Sheila recounts the ceremony and emotion of her wedding day, up to the
time the couple are alone at last at Bel Air, and ends it with, “The
rest you know my darling. Happy Anniversary, my love.”
Sheila
did not claim to be an author. Her writing is compelling because it is so
honest. Thanks, Sheila and Frank, for giving us a glimpse of real love
letters, of innocence, of passion which makes a marriage endure for 38
years. A chronicle of hope for all married people. My second gift.
The
third gift was harder to grasp. It came in ugly wrapping paper. Last week
Radhica Saith was caught shoplifting in Miami. Some people were gloating,
scandalised and horrified. They said, “Can you believe this juicy piece
of gossip - it’s on the front page.” Then I received a call from a
woman who would not give her name. She said, “It will be a tragedy if
Radhica who has given so much to battered women and children, alcoholics
and poor students will now only be remembered for this incident.” This
woman said: “In the early 70’s Radhica founded a group called Friends
of the Hospital, then she founded the first half way house for battered
children and women. After her own experience with cancer - (she is missing
a stomach and intestines and is fighting cervical cancer) - she formed the
South Cancer Resource centre for medical screening and counselling for
patients. “She has served on the National Council for Alcoholism and
Addiction and founded a group for alcoholic women who could not talk in
front of men.
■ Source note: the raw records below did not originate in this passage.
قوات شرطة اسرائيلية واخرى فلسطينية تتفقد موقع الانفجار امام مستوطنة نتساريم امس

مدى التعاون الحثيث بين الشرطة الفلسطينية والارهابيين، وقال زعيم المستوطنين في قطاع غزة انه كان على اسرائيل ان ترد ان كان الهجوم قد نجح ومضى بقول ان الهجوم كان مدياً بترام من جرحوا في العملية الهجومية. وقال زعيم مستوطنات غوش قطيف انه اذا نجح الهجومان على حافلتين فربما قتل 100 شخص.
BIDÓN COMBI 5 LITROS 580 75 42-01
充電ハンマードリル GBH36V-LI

She used her private finance to put scores of children to
school.” But she was arrested for shoplifting.
Why
did this apparently wealthy social worker shove clothes in her bag and
walk out without paying for them? One psychologist says shoplifting by
people who obviously don’t need to (there was a quantity of money and
credit cards found in her bag) must be distinguished from ordinary theft,
deliberate or the adolescent kind which is a rite of passage. (This is
separate and apart from the condition of amnesia, a sense of being
dislocated.) The psychologist says:
“Mood
disorders and especially major depressive illness are associated with this
kind of theft. It is a rare condition, not enough is known about it, and
it is more common in females.
“Individuals
such as these are diagnosed as ego dystonic which means out of character.
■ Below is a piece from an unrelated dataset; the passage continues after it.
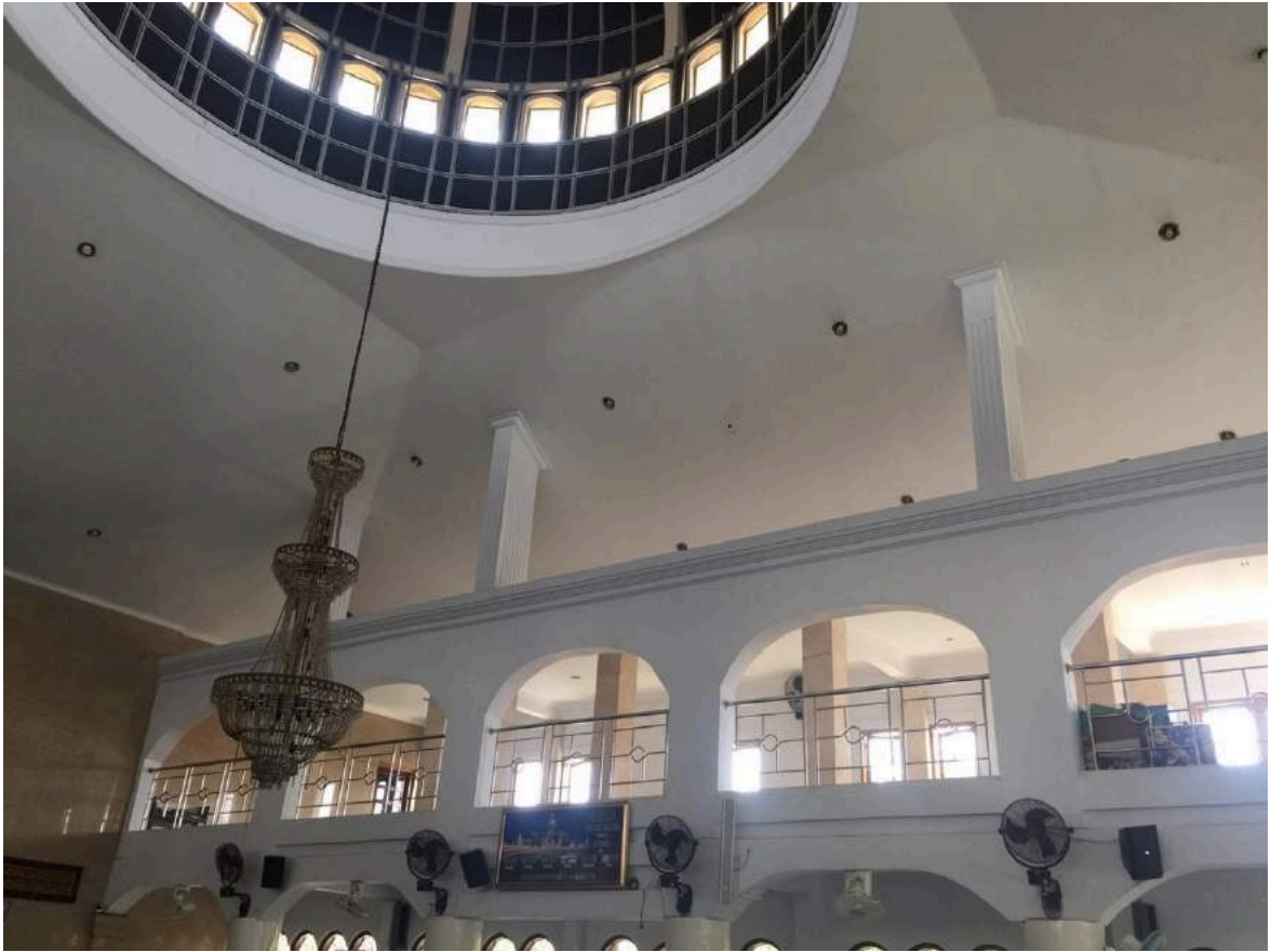
Kondisi ruang dalam Masjid EL-Syifa

They are aware that the act is wrong and senseless, they often feel
depressed and guilty about the theft.”
Now
she quotes a Diagnostic and Statistical Manual of Mental Disorders - 4th
edition: “The individual experiences a rising subjective sense of
tension before the act and a relief of tension after it.
“The
objects are stolen despite the fact that they are typically of little
value to the individual who could have afforded to pay for them and often
gives them away or discards them...”
But
we are impatient with doctors - we are political, and social animals with
our own biases. So how do we respond to Radhica. It is difficult because
her husband is a politician. But this time, let us for argument sake,
divorce politics from compassion. It does not matter if you are man or
woman, UNC, PNM, NAR, black, white or brown, whether you are rich, poor,
young, old, beautiful, privileged, or down in the dumps. Do you or do you
not respect a woman who has protected hundreds of woman and children from
being beaten up or killed? Radhica may be privileged, wealthy, protected,
some say she is spoilt. But she understands and lives out one premise of
humanity - that a truly civilized society is measured by the way it treats
its weakest citizens. Women are physically, and economically weaker than
men. That power men have is often abused. Trevor McDonald said in the
Media Awards last week that it is our duty to speak out for those who have
no voice. Radhica spoke and speaks for many women, sick, beaten up, poor,
alcoholic women. Today she may be depressed, and in physical discomfort.
She will be strong again, and whatever her faults, we must remind her now
that we have not forgotten her gift - to reach out and pull up those who
are down, her gift of compassion.
And
so I threw away the ugly wrapping and marvelled at the gift within.